- _Problem to work on_
After finding the line with "Milwaukee M18B5-CR 5.0" in the entries below, retype exactly each line from there through the line with "伊豆は花が多く、ハワイアンブルーとの組み合わせ もばっちり絵になる。 |", including that final line.

- _Data records_
------------------------------------------------------------------------
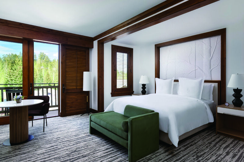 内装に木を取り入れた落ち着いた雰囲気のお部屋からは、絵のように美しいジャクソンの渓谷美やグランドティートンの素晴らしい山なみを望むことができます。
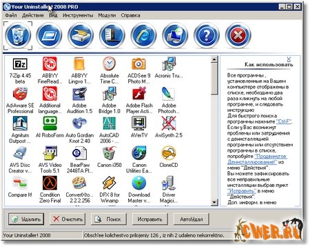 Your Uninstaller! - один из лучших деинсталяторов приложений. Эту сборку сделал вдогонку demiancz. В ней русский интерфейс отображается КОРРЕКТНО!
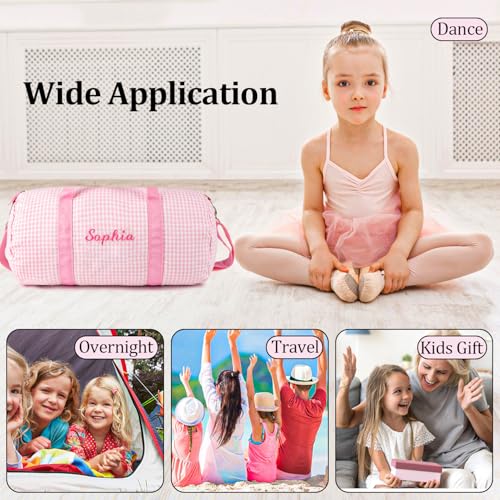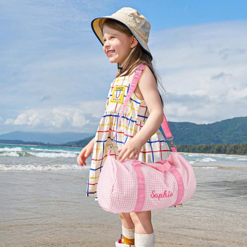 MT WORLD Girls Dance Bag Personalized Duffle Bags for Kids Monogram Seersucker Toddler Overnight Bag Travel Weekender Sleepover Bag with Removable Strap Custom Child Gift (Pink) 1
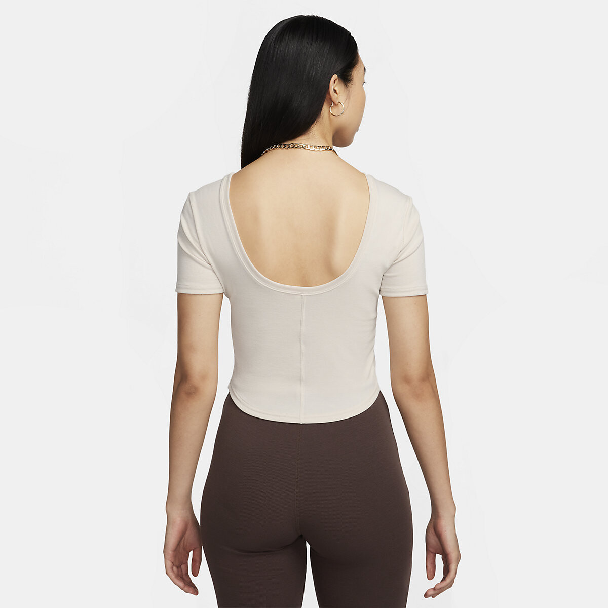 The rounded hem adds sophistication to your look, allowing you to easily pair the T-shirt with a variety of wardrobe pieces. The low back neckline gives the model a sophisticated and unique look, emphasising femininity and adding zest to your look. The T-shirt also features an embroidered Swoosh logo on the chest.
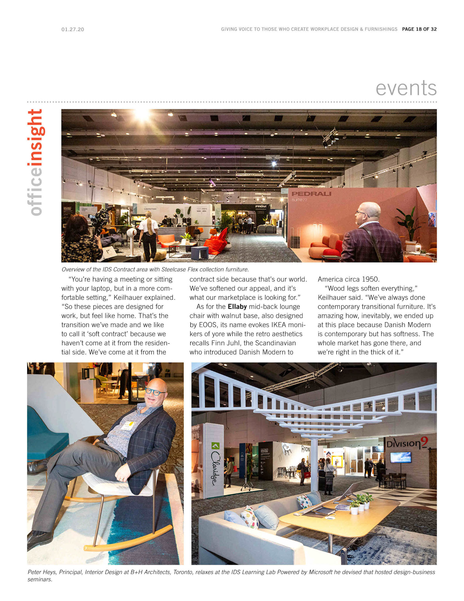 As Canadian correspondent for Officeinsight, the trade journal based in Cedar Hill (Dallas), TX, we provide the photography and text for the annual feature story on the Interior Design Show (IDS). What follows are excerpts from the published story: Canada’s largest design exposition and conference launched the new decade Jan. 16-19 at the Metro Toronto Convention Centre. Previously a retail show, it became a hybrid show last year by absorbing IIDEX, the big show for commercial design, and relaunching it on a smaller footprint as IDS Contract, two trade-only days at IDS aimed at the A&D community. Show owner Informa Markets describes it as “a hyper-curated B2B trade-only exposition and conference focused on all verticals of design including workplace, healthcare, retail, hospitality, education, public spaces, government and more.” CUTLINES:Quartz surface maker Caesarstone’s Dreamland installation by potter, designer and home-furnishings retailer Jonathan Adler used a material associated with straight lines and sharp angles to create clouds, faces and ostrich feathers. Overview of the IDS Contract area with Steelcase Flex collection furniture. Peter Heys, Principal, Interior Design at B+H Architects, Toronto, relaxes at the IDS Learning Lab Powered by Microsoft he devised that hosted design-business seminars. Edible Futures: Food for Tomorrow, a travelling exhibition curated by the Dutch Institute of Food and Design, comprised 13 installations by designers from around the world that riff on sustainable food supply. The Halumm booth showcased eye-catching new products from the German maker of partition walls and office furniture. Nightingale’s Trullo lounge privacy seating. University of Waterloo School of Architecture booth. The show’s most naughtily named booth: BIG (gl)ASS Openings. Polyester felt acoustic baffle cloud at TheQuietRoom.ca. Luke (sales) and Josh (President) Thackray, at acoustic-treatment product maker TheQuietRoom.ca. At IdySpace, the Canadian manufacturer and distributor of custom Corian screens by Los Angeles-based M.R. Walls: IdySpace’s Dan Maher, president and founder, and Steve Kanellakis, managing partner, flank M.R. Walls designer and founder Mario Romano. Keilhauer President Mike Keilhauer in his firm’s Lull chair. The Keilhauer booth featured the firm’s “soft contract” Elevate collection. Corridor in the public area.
------------------------------------------------------------------------
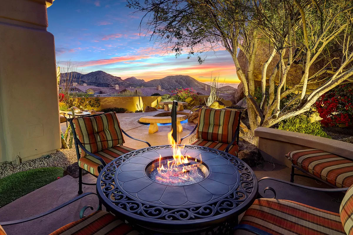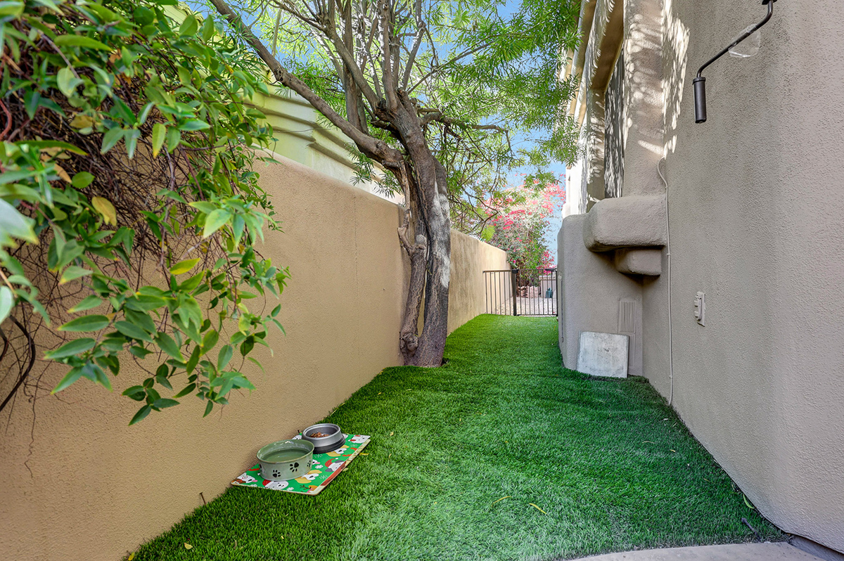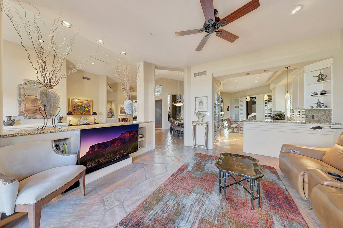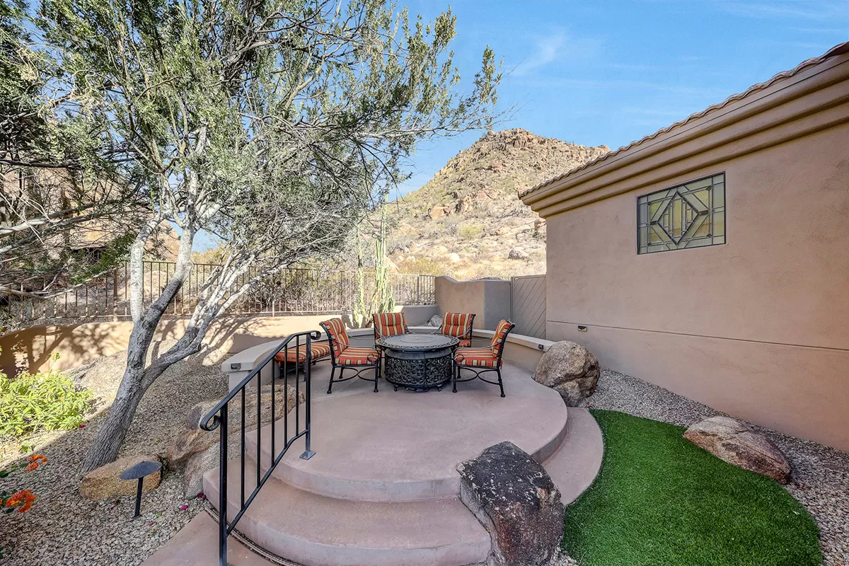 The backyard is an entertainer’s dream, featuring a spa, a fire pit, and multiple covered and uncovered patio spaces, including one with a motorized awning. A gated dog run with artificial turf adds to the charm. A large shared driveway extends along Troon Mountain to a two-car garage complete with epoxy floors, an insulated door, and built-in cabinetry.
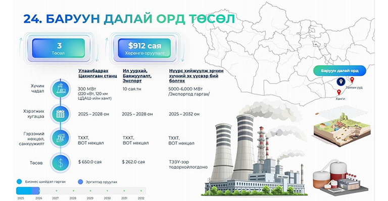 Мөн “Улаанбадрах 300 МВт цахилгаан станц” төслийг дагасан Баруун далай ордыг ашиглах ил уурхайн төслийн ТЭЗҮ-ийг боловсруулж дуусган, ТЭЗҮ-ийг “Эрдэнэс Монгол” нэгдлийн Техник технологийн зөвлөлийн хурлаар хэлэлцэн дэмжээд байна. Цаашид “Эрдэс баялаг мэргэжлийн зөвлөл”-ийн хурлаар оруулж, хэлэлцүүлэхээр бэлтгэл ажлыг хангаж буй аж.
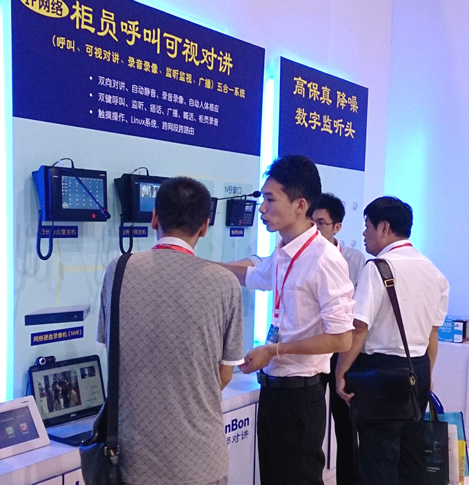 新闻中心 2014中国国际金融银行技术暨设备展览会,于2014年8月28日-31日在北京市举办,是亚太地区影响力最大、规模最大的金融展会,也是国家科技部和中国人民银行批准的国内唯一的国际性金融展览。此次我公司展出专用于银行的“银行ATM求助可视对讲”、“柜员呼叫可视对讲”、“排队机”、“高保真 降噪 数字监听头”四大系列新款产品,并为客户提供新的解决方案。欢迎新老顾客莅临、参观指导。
------------------------------------------------------------------------
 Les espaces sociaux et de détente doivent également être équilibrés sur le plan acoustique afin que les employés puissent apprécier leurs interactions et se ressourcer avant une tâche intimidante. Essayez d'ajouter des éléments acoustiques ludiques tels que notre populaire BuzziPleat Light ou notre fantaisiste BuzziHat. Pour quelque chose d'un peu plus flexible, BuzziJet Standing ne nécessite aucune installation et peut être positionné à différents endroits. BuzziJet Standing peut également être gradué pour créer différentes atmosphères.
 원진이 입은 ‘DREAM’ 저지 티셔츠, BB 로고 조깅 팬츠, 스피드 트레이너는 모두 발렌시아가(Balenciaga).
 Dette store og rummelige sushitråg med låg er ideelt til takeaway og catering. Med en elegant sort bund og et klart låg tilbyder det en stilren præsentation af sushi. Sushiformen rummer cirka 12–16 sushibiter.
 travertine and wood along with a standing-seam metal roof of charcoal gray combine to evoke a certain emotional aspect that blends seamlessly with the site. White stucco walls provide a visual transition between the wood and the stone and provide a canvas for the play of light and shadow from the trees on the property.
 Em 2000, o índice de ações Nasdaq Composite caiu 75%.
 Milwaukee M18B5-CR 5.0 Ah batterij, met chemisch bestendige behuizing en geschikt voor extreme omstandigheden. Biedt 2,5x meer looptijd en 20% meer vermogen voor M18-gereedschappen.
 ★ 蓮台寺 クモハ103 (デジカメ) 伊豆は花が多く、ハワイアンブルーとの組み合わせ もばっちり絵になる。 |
------------------------------------------------------------------------
- _Response below_
 Milwaukee M18B5-CR 5.0 Ah batterij, met chemisch bestendige behuizing en geschikt voor extreme omstandigheden. Biedt 2,5x meer looptijd en 20% meer vermogen voor M18-gereedschappen.
 ★ 蓮台寺 クモハ103 (デジカメ) 伊豆は花が多く、ハワイアンブルーとの組み合わせ もばっちり絵になる。 |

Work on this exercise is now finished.